● WHAT THIS TASK INVOLVES
Reproduce word for word the lines from the beginning of the entries to the line with "Jaruplund Højskole med", both included, but none of the pictures.

------------------------

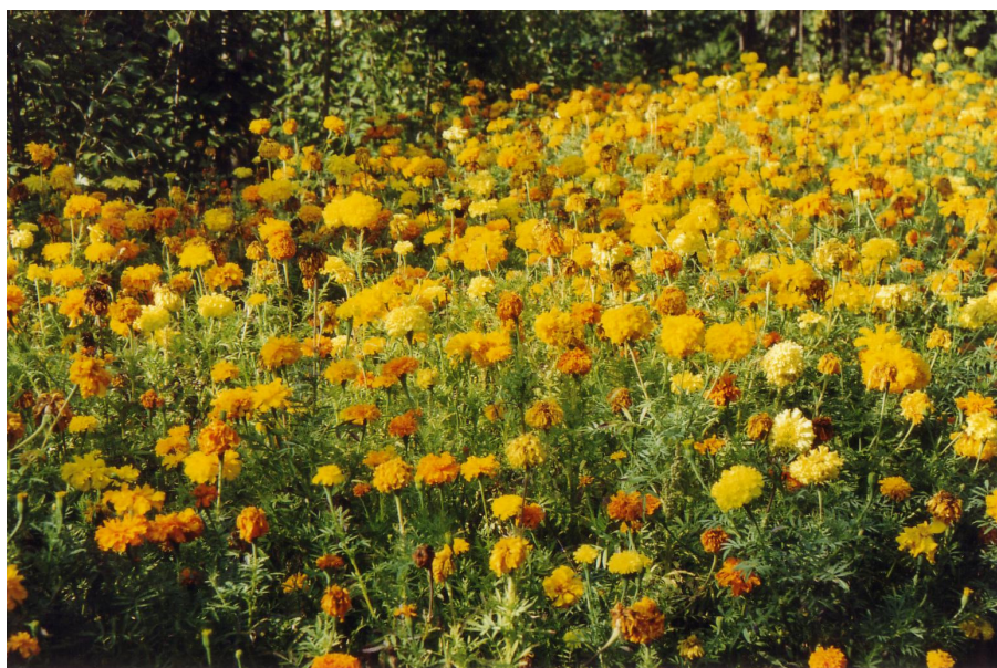
Abb. 8 Tagetes ( Tagetes spp.) als Zwischenfrucht zur Reduktion der Nematodenpopulationsdichte

1) Mehrfachnennungen möglich; 2) keine Angabe: 5 von 31 Betrieben, 10 Betriebe ergriffen keine Maßnahmen
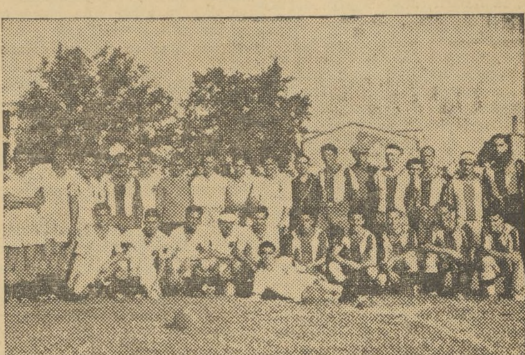
LOS EQUIPOS DEL VALENCIA Y LEVANTE QUE HAN JUGADO UN PARTIDO A BENEFICIO DE LOS MILICIANOS QUE LUCHAN EN EL FRENTE

En el partido a beneficio de las milicias, venció el Levante al Valencia, por tres goals a dos. --- Guillén, el mejor
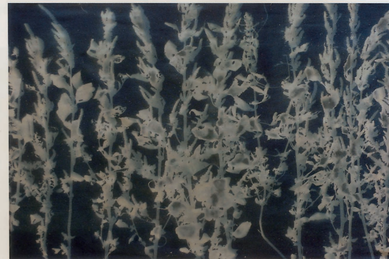
紫色的花 | 11.74 x 150cm | 2009-8
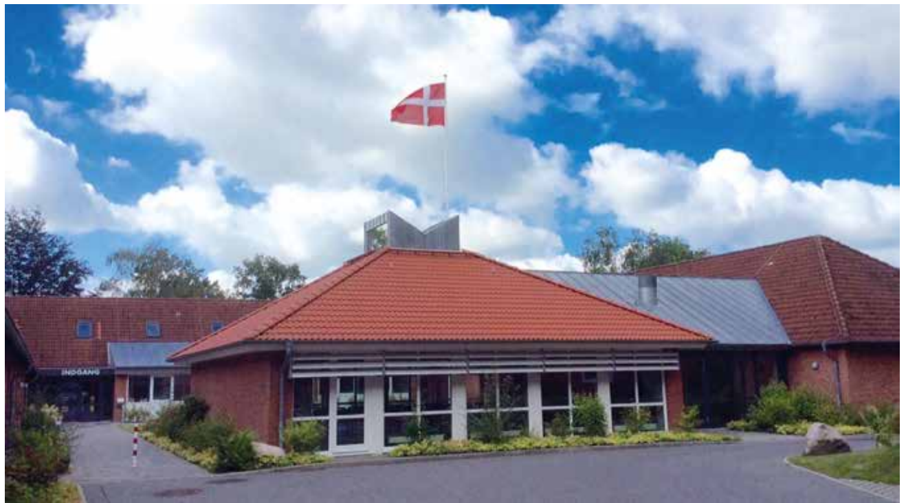
Jaruplund Højskole med tidssvarende faciliteter og åbne foredrag for interesserede.
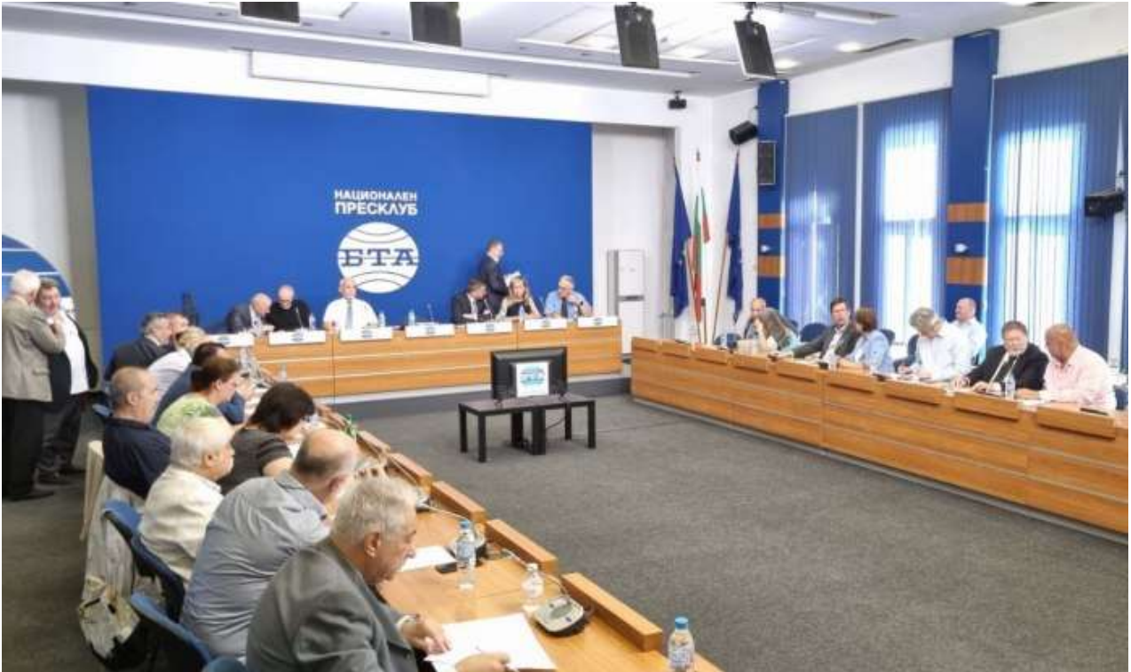
Pressekonferenz in Sofia

Nachdem sich die Bewegung seit 20 Jahren vor allem in Bulgarien stetig entwickelt hatte, sind mittlerweile Aktivitäten auch in anderen Staaten geplant worden.
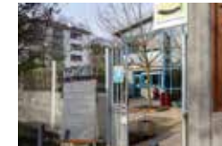
La Pirogue, un café associatif et solidaire en vogue
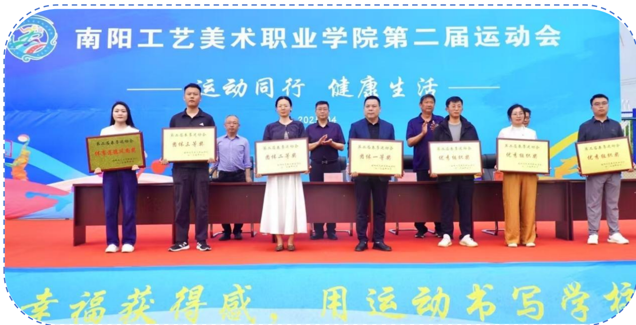
图 43：运动会集体颁奖仪式
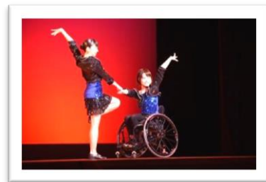
車いすダンスの様子

新たなメンバーを加えたダンス講座生たちは、歌の歌詞にある「それなのに僕ら人間はどうしてこうも比べたがる？一人ひとり違うのにその中で一番になりたがる？」や「小さい花や大きな花一つとして同じものはないから No. 1にならなくてもいいもともと特別なOnly one」のように「みんな、同じでなくてもいいんだよ。違っていてもいいんだよ。」というメッセージを込めて踊りました。
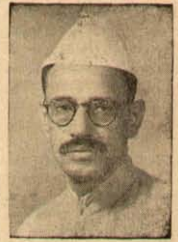
క్రొత్త చుం మంత్రి శ్రీ వంధా

అనాడు ఆ బావనగల్ సూచనను గమనించిపంజే ఈవేళ ఇంత కంకారు పడి కామరాజులు కరణాగతిమై వీడో విధాన సంస్థ రక్షణకై పథకాన్ని ఆకస్మికంగా వ్యతిరేకవలసిన అవసరం వుండేది కాదేమో? వెనుక దింపించుకు వెర్రితనం
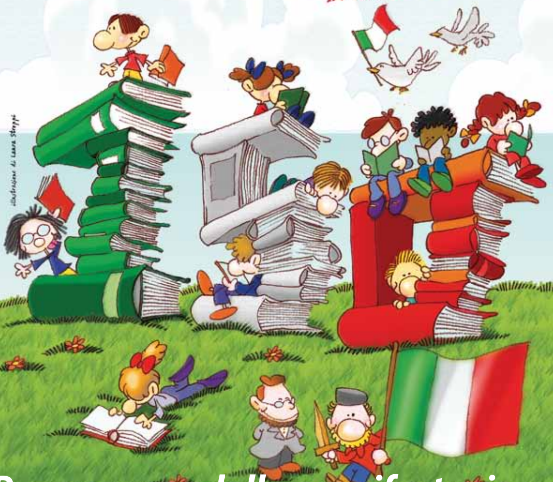
illustrazione di Laura Strappè

Unità d'Italia! 150 anni della nostra storia
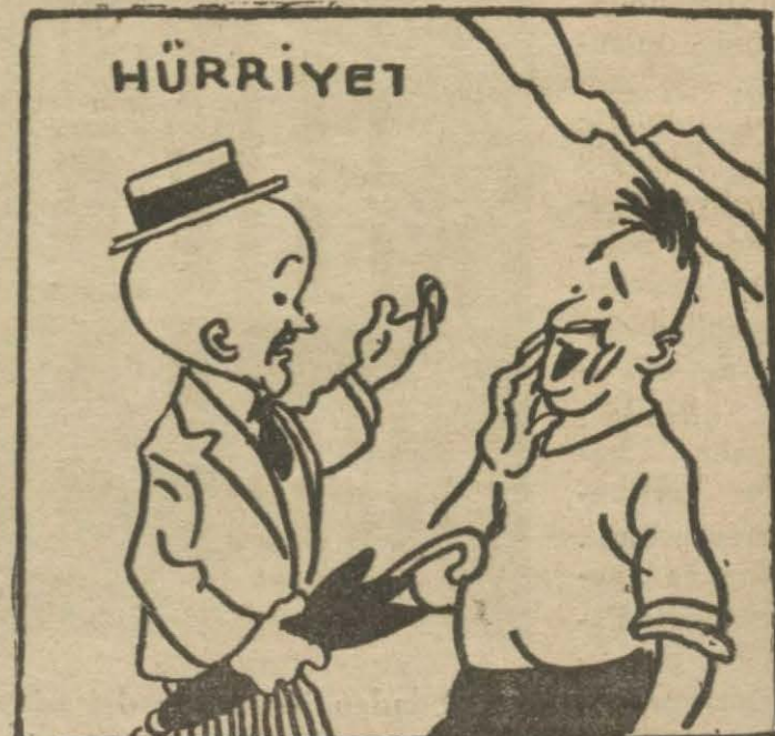
4: Hasan B. — Sen bu dağa bir balta vurursan tepene yıkılır ve seni sevgiline değil, öteki dünyaya kavuşturur.
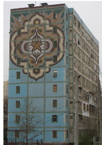
〔写真 6, 7, 8〕 パネル住宅の側壁ファサード装飾例
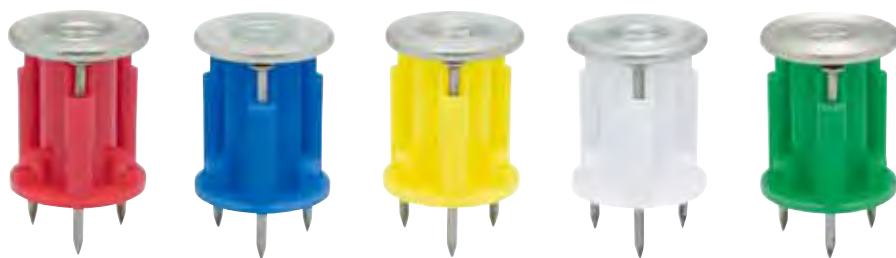
品番表 コードNo.M10046 ニューアポロ ※引抜試験値は破壊時の数値です

※釘処理が必要な場合は、 [ツインカット] 樹脂釘一体化タイプ (→ 18 ページ参照) [バリアス] 釘抜タイプ (→ 14 ページ参照) [ライトホール] 釘処理不要タイプ (→ 16 ページ参照) をご使用下さい。
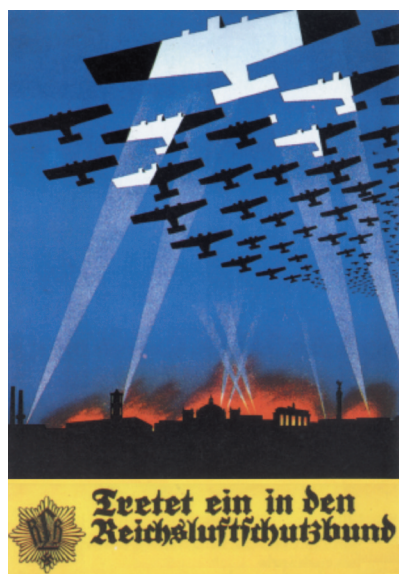
Plakaten opfordrer til at man bliver medlem af luftbeskyttelsesforbundet.

biografer og teatre blev lukket eller udbombet i 1944. Kun nogle få danserestaurantter forblev åbne af hensyn til orlovssoldaterne. Berlin blev fyldt med sårede soldater, der kunne fortælle forfærdelige historier om den brutale krigsførelse på alle fronter. Krigen var tabt, det vidste alle, men ingen turde tænke tanken til ende. Nazisterne strammede grebet om befolkningen, ingen turde udtale sig om krigens gang, fordi de frygtede Gestapos og SS'ernes brutale afregning. Enhver, der kunne opfattes som defaitist eller overløber, blev omgående dømt til døden ved de hurtigt arbejdende og mobile standretter; det gjaldt også kvinder. Omkring seks tusin-
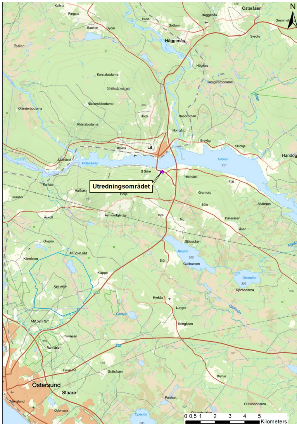
Figur. 1. Översiktskarta. Utredningsområdet är markerat med lila färg.

Med anledning av att Östersunds kommun planerar byggnationer inom fastigheten Söre 5:5, Lits socken i Östersunds kommun, har de inkommit med en förfrågan till Jamtli om att genomföra en arkeologisk utredning. På en del av fastigheten Söre 5:5 är gårdstomten L1947:6267 registrerad. Gårdstomten har namnet Klingeröga och är belägen i Södra Söre.
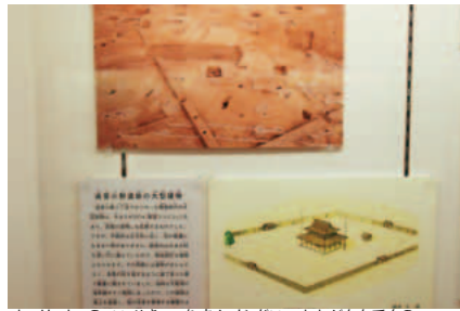
遠里小野遺跡の飛鳥時代の大型建物
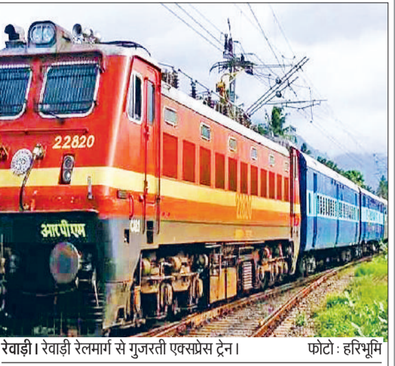
रेवाड़ी। रेवाड़ी रेलमार्ग से गुजरती एक्सप्रेस ट्रेन।

------------------------

● OUTPUT OF THE TASK
Abb. 8 Tagetes ( Tagetes spp.) als Zwischenfrucht zur Reduktion der Nematodenpopulationsdichte

1) Mehrfachnennungen möglich; 2) keine Angabe: 5 von 31 Betrieben, 10 Betriebe ergriffen keine Maßnahmen
LOS EQUIPOS DEL VALENCIA Y LEVANTE QUE HAN JUGADO UN PARTIDO A BENEFICIO DE LOS MILICIANOS QUE LUCHAN EN EL FRENTE

En el partido a beneficio de las milicias, venció el Levante al Valencia, por tres goals a dos. --- Guillén, el mejor
紫色的花 | 11.74 x 150cm | 2009-8
Jaruplund Højskole med tidssvarende faciliteter og åbne foredrag for interesserede.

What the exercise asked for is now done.